Galaxy team, would you be okay with including this and if so is there
anything you would like to see either at a high level or at the level
of the actual implementation.

-John


John Chilton
Senior Software Developer
University of Minnesota Supercomputing Institute
Office: 612-625-0917
Cell: 612-226-9223
Bitbucket: https://bitbucket.org/jmchilton
Github: https://github.com/jmchilton
Web: http://jmchilton.net

On Mon, Oct 8, 2012 at 9:24 AM, John Chilton chil...@msi.umn.edu wrote:
 Jim Johnson and I have been discussing that approach to handling
 fractionated proteomics samples as well (composite datatypes, not the
 specifics of the interface for parallelizing).

 My perspective has been that Galaxy should be augmented with better
 native mechanisms for grouping objects in histories, operating over
 those groups, building workflows that involve arbitrary numbers of
 inputs, etc... Composite data types are kindof a kludge, I think they
 are more useful for grouping HTML files together when you don't care
 about operating on the constituent parts you just want to view pages a
 as a report or something. With this proteomic data we are working
 with, the individual pieces are really interesting right?

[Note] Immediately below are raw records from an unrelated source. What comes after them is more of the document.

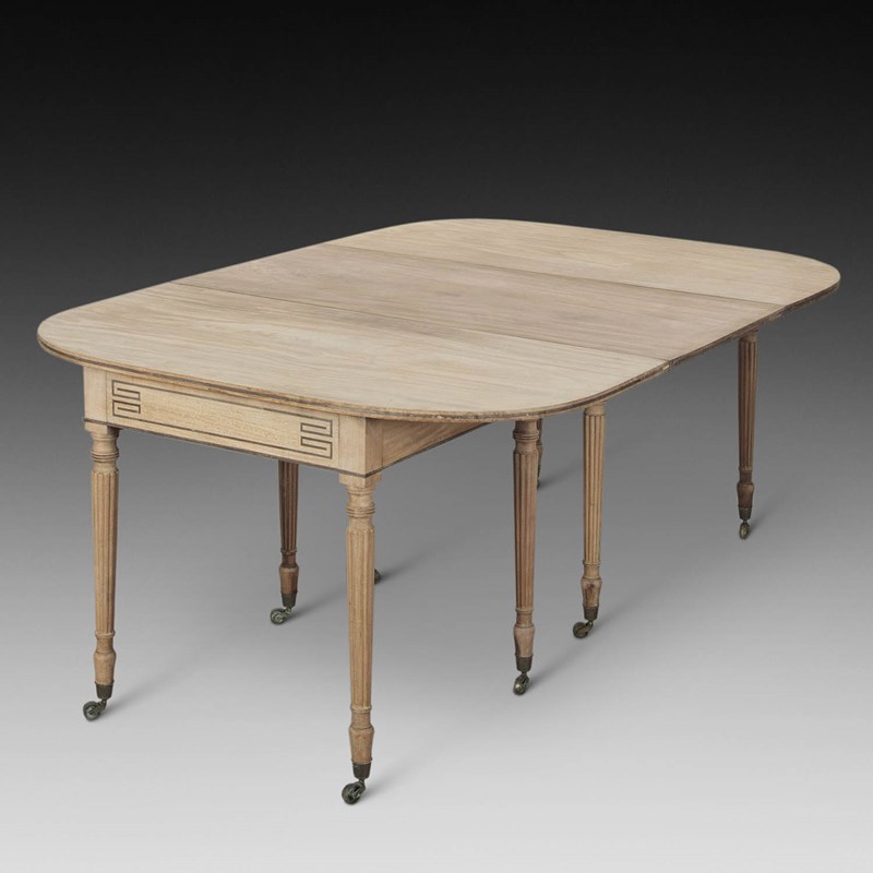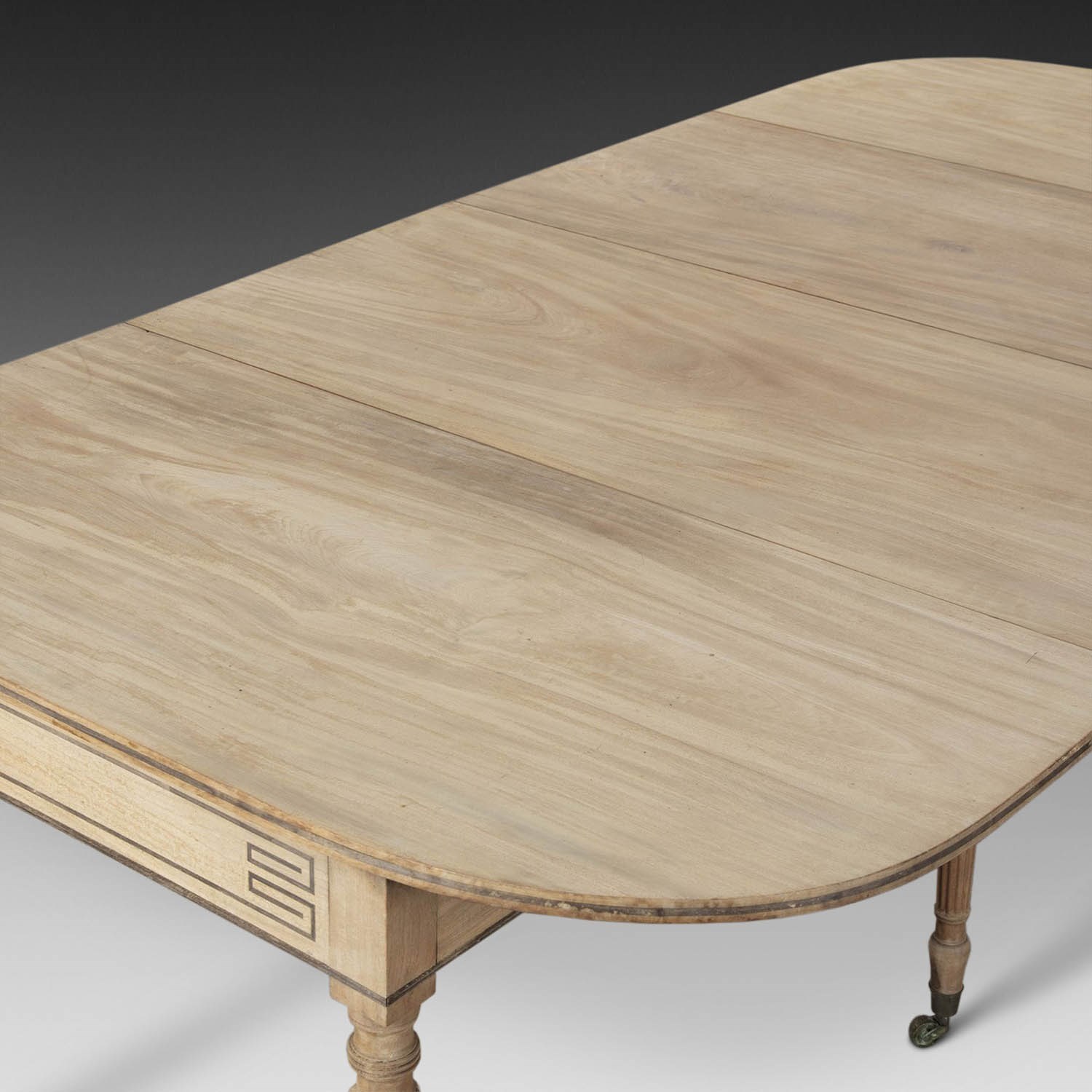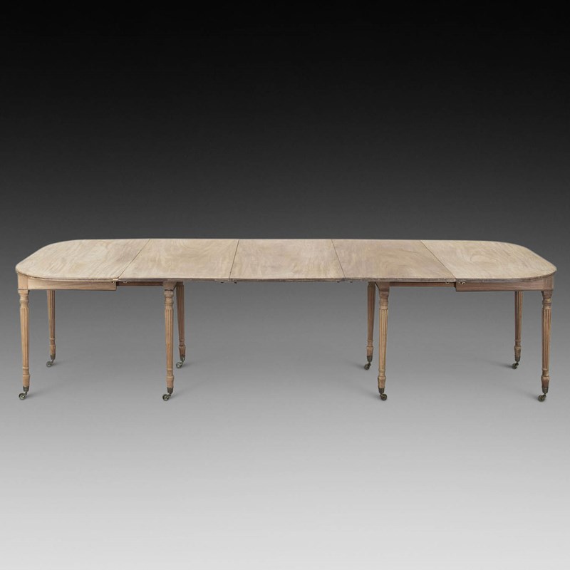 With a bleached finish, it stands elegantly on its fine turned and reeded legs that retain their original castors. Also the table has an additional three bleached mahogany leaves, when fully assembled, allows the table to seat eight comfortably.
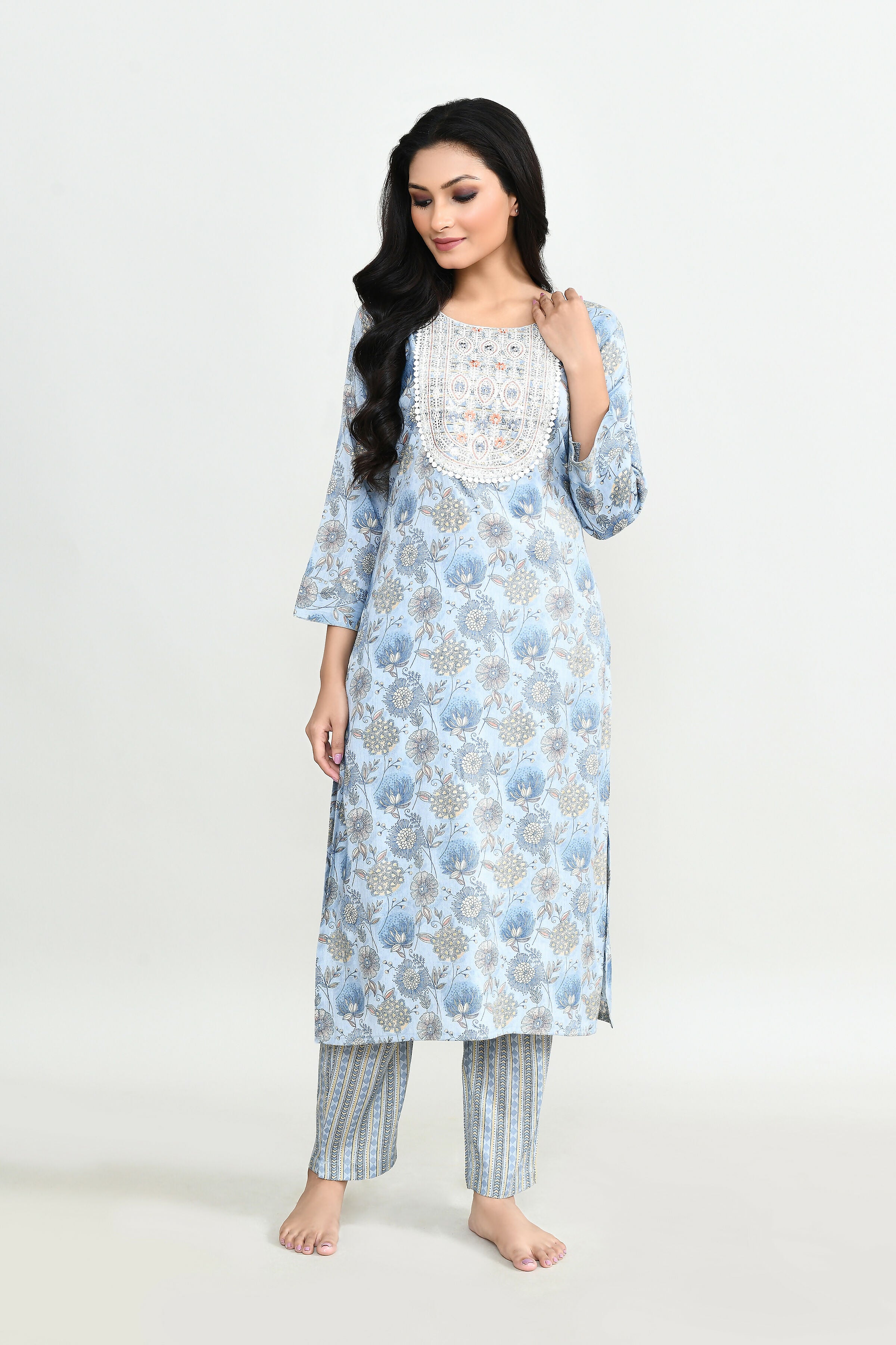 Joban Fashion Elegant Cotton Light Blue Kurta Set
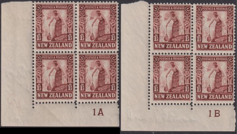 1936 1½d Maori Cooking red-brown set of 2 plate blocks of 4, single wmk invtd & reversed, p13½ x 14. Plate "1A" MUH & "1B" mint/MUH (2 VLH mint, 2 MUH). CP L3c. Cat $2250. Ex K Moir.
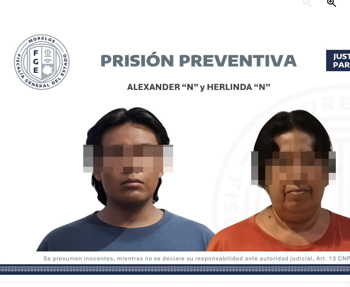 La Fiscalía Especializada en Desaparición Forzada de Personas, a través del agente del Ministerio Público (MP) especializado imputó a Herlinda “N” y Alexander «N» delitos vinculados con la desaparición de personas y desaparición cometida por particulares agravada, en consecuencia, les fue impuesta la medida cautelar de prisión preventiva.
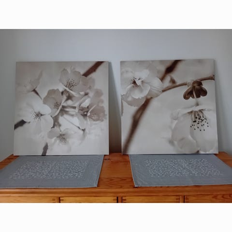 2 kpl teetettyjä CANVAS tauluja, koko 75 cm * 50 cm /kpl . Valkoinen - musta .
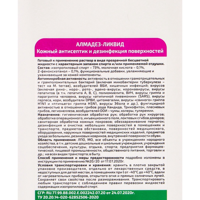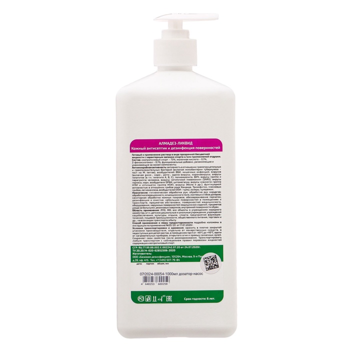 Антисептик кожный «Алмадез-ликвид», с насос-дозатором,1 л — Характеристики
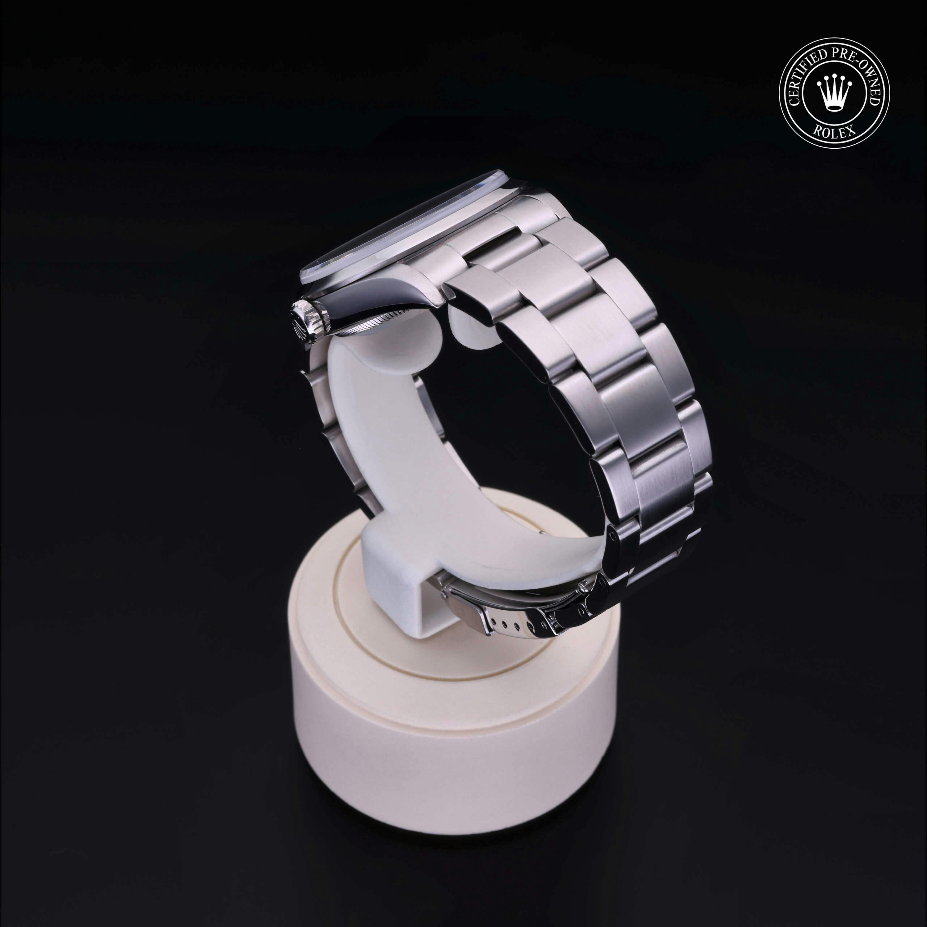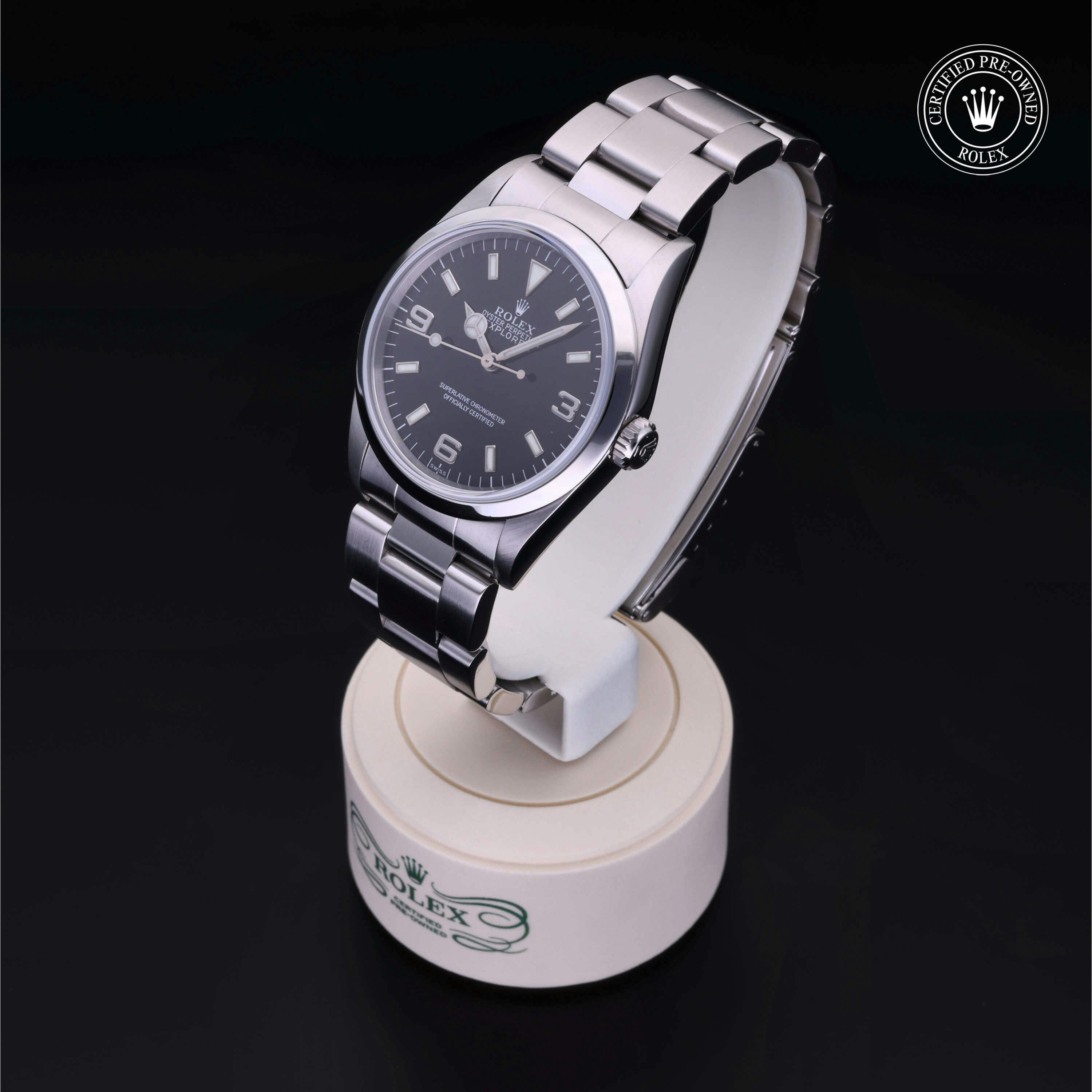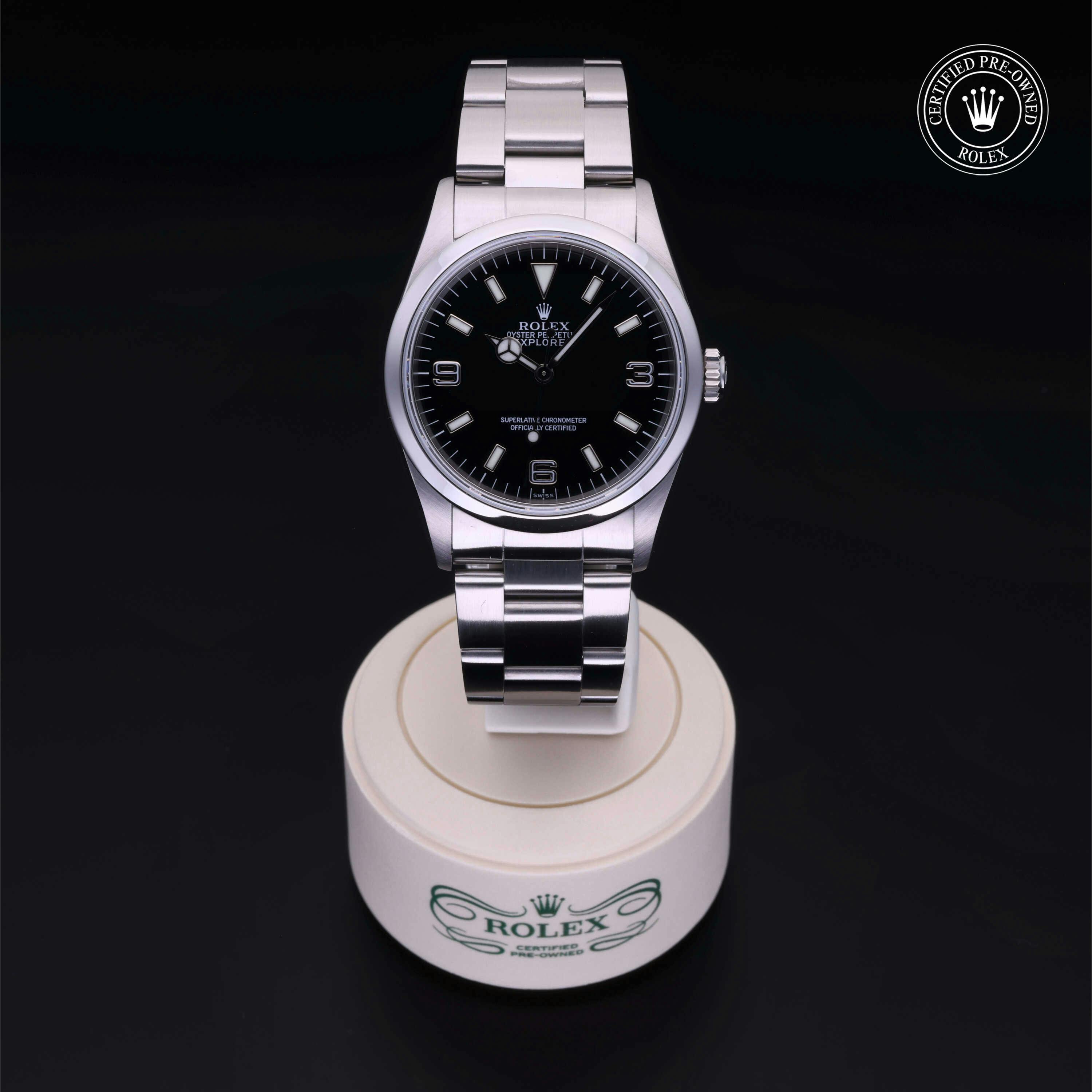 Rolex Certified Pre-Owned Explorer (14270) self - winding automatic watch, features a 36mm stainless steel case and smooth bezel surrounding a black dial on a stainless steel oyster bracelet. Functions include hours, minutes and seconds. This watch has received Rolex-authorized service and certification. It does not come with the original box or papers, but includes a custom Rolex Certified Pre-Owned hang tag, travel pouch and RCPO international warranty card.

You want to
 operate on the individual pieces with the full array of tools (not
 just these special tools that have the logic for dealing with the
 composite datatypes), you want to visualize the files, etc... Putting
 these component pieces in the composite data type extra_files path
 really limits what you can do with the pieces in Galaxy.

 I have a vague idea of something that I think could bridge some of the
 gaps between the approaches (though I have no clue on the
 feasibility). Looking through your implementation on bitbucket it
 looks like you are defining your core datatypes (MS2, CruxSequest) as
 subclasses of this composite data type (CompositeMultifile). My
 recommendation would be to try to define plain datatypes for these
 core datatype (MS2, CruxSequest) and then have the separate composite
 datatype sort of delegate to the plain datatypes.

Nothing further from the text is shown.